Page:Revue des Deux Mondes - 1912 - tome 9.djvu/508

Le texte de cette page a été corrigé et est conforme au fac-similé.

de son ministère une majorité compacte ; il eût été le négociateur écouté de l’accord que je comptais établir avec la Droite depuis que l’attitude révolutionnaire de la Gauche m’obligeait à la traiter en ennemie à détruire.

La présence de l’Empereur nous eût été utile d’une autre manière.
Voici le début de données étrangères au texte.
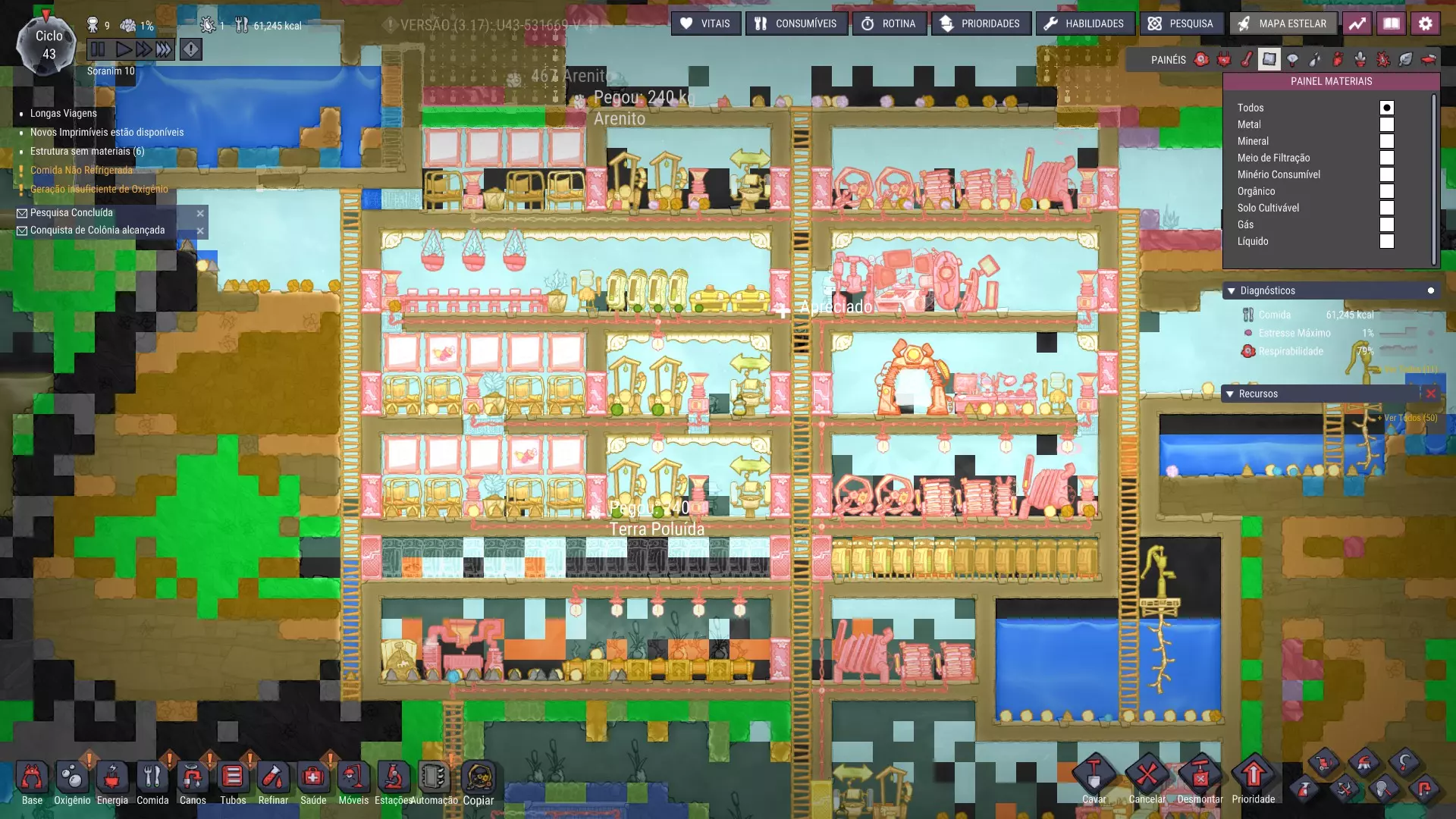 > 材料面板 虽然查看基地时可能没什么用,但在游戏中期,当你需要特定资源(例如用于建造特定结构的铜,或为氧气发生器提供燃料的海藻)时,它能大大减少你在岩壁上寻找材料的工作量!

Il avait conservé intactes ses qualités supérieures : le jugement, la clairvoyance, la netteté d’esprit. La maladie n’avait affaibli que sa volonté ; nous aurions voulu pour lui et il nous eût éclairés de ses lumières. J’arrivai donc à cette conclusion que le premier but que je devais poursuivre en ce moment était le remplacement de l’Empereur à la tête de l’armée et son retour à Paris. Il arriverait à l’improviste, adresserait un message à la Chambre qui se résumerait dans cette idée : « J’ai mis provisoirement à la tête de l’armée qui résiste à l’invasion le capitaine que m’a désigné l’opinion publique, Bazaine, et je viens combattre et écraser l’armée de la Révolution afin que nos soldats ne soient pas pris entre deux feux. » Même n’étant pas ainsi motivé, ce retour n’eût pas surpris ; il était tellement dans la nécessité des circonstances que Jules Favre l’avait réclamé quelques heures auparavant, précisément par la raison qui m’y décidait : l’insuffisance du commandement.

Depuis l’événement, Jules Simon a eu la franchise de reconnaître qu’en effet la sagesse était bien là et, qu’ « en ramenant l’Empereur à Paris, et surtout en supprimant la Régence, c’était tenter la seule chance de salut qui restait alors à la dynastie[1]. » Je tournais et retournais ces pensées et je m’y ancrais lorsque, malgré l’heure avancée, on m’annonça Chevandier.


VIII

Il arrivait tout ému, avec son air des jours de résolution. Il me dit : « La situation est des plus graves. Il n’y a pas un moment à perdre. Le danger est imminent. » Il me raconta que cet après-midi même avait eu lieu, rue de la Sourdière, une réunion des députés, des journalistes et des chefs révolutionnaires. Les chefs révolutionnaires récriminaient contre l’attitude trop prudente de la Gauche : elle aurait dû, comme les journalistes, réclamer un comité de défense choisi dans le Corps législatif, et

  1. Origine et chute du second Empire, p. 289.